- [TASK INSTRUCTIONS] Copy exactly the stretch of lines from the one holding "Ce Costume d'indienne" through the last line of the data below, inclusive. Leave out pictures.

[PROVIDED DATA]

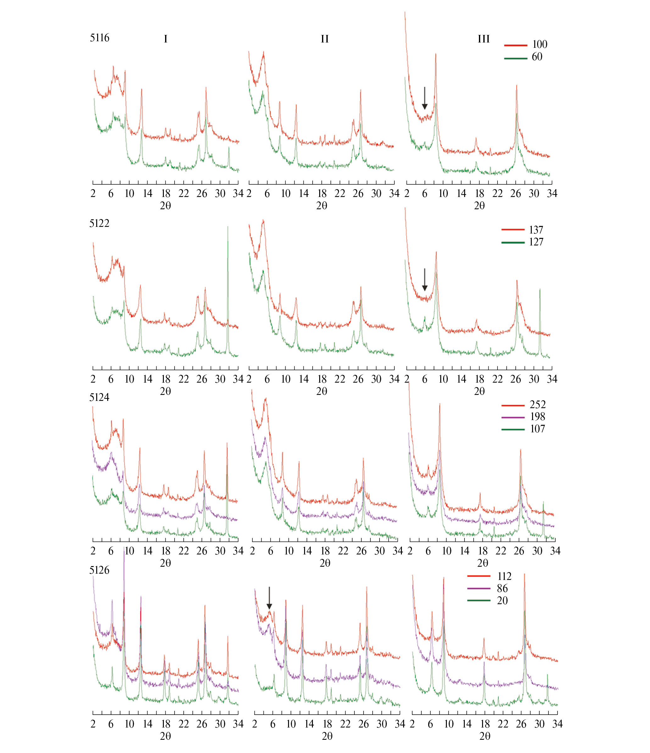 8. Fig. 7. X-ray diffractometric express imaging data of fine preparations in three states: I - air-dry (natural), II - saturated with ethylene glycol, III - calcined at T = 550°C. Line color: red - preparations are made of material at the bottom of the column with high shear strength, green - material at the top of the column with low shear strength, violet - material from areas with pronounced microhatching. The black arrow indicates the absence of chlorite peak on ignition in samples below the boundary of the supposed exaratation in columns from exaratation furrows (5122, 5116). 5124, 5126 are background columns. The black arrow for column 5126 marks the appearance of smectite peak at ethylene glycol saturation in the lower samples and its absence in the upper one
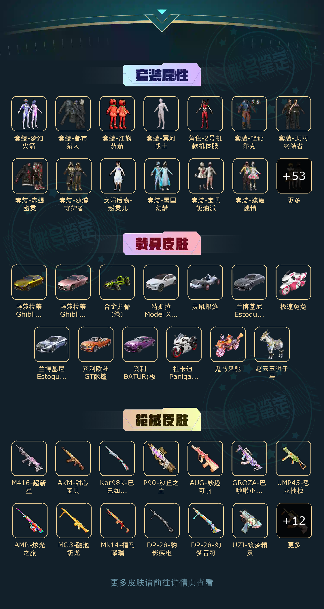 [特效枪22]:GROZA-巴啦啦小魔仙(7级) P90-沙丘之主(3级) DP-28-圣堂之誓(5级) SCAR-L-彩装战姬(1级) MG3-酷泡奶龙(5级) M416-超新星(4级) AMR-炫光之旅(5级) P90-粉樱探戈(7级) M417-第五大道(1级) DP-28-幻梦音符(1级) UMP45-恐龙拽拽(6级) UZI-筑梦精灵(4级) P90-甜蜜草莓(1级) AUG-妙趣可丽(7级) 汤姆逊-冰川粉黛(2级) M416-暖熊萌萌(4级) GROZA-焦糖拿铁(2级) AKM-甜心宝贝(6级) SCAR-L-童趣迷兔(7级) AKM-炫紫旋律(2级) M416-心之恋语(1级) M416-五爪金龙(1级)
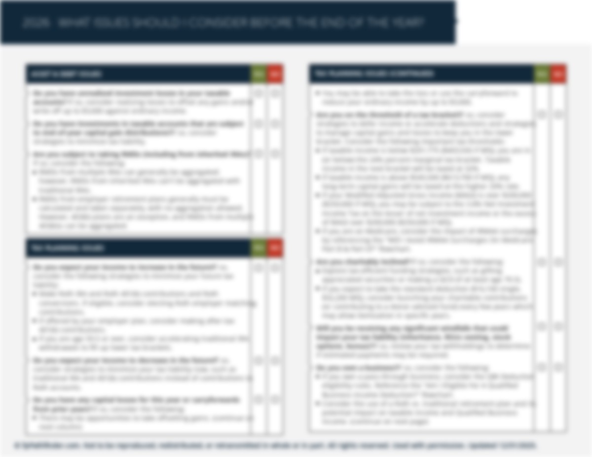 This is a comprehensive checklist of the types of year-end planning issues that advisors should be discussing with their clients to ensure they consider and take advantage of opportunities in the current year and beyond.
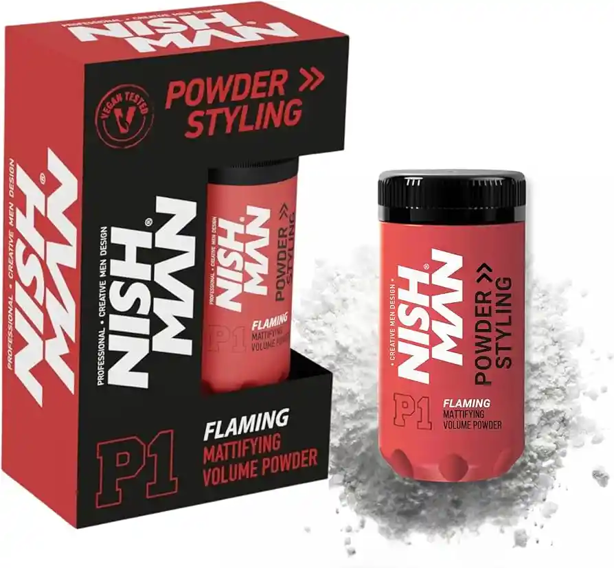 CERA NISHMAN EN POLVO POWDER STYLING P1 20G : da volumen, textura y fijación mate de larga duración al cabello, ideal para peinados modernos y naturales sin sensación grasa. Su fórmula en polvo fino se transforma en una cera ligera al contacto, permitiendo peinar, despeinar y levantar raíces sin residuos blancos. Características y Usos Principales: * Volumen y Textura: Levanta el cabello desde la raíz y añade textura instantánea. * Acabado Mate: Proporciona un aspecto seco, natural y libre de brillo graso. * Fijación Flexible: Ofrece una sujeción duradera, permitiendo moldear el estilo durante el día. * Sin Residuos: No deja marcas blancas ni residuos pesados. * Versatilidad: Ideal para todo tipo de cabello, especialmente para texturizar y dar volumen a cabellos finos o sin forma. * Uso en Seco/Húmedo: Se puede aplicar sobre el cabello seco para un acabado mate o húmedo para mayor control. Modo de Uso: Agite ligeramente la botella antes de usar. Espolvoree una pequeña cantidad sobre la palma de la mano o directamente sobre el cabello seco y moldee con los dedos o peine.
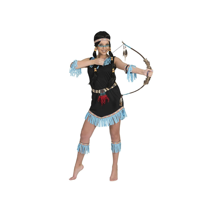 Ce Costume d'indienne avec franges bleues se compose d'une robe, de 2 tours de bras, de 2 tours de mollets et d'un bandeau.
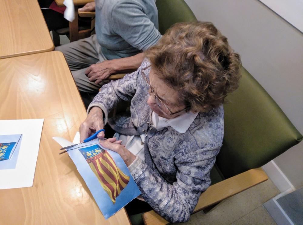 Aquest mes estem viatjant a la Comunitat Valenciana. És per això que estem fent vàries activitats relacionades amb aquesta comunitat. Avui hem estat confeccionant unes banderoles que decoraràn la tradicional "paella del senyoret" que podrem degustar el diumenge que ve.

[/PROVIDED DATA]

- [SOLUTION TO THIS EXERCISE]
 Ce Costume d'indienne avec franges bleues se compose d'une robe, de 2 tours de bras, de 2 tours de mollets et d'un bandeau.
 Aquest mes estem viatjant a la Comunitat Valenciana. És per això que estem fent vàries activitats relacionades amb aquesta comunitat. Avui hem estat confeccionant unes banderoles que decoraràn la tradicional "paella del senyoret" que podrem degustar el diumenge que ve.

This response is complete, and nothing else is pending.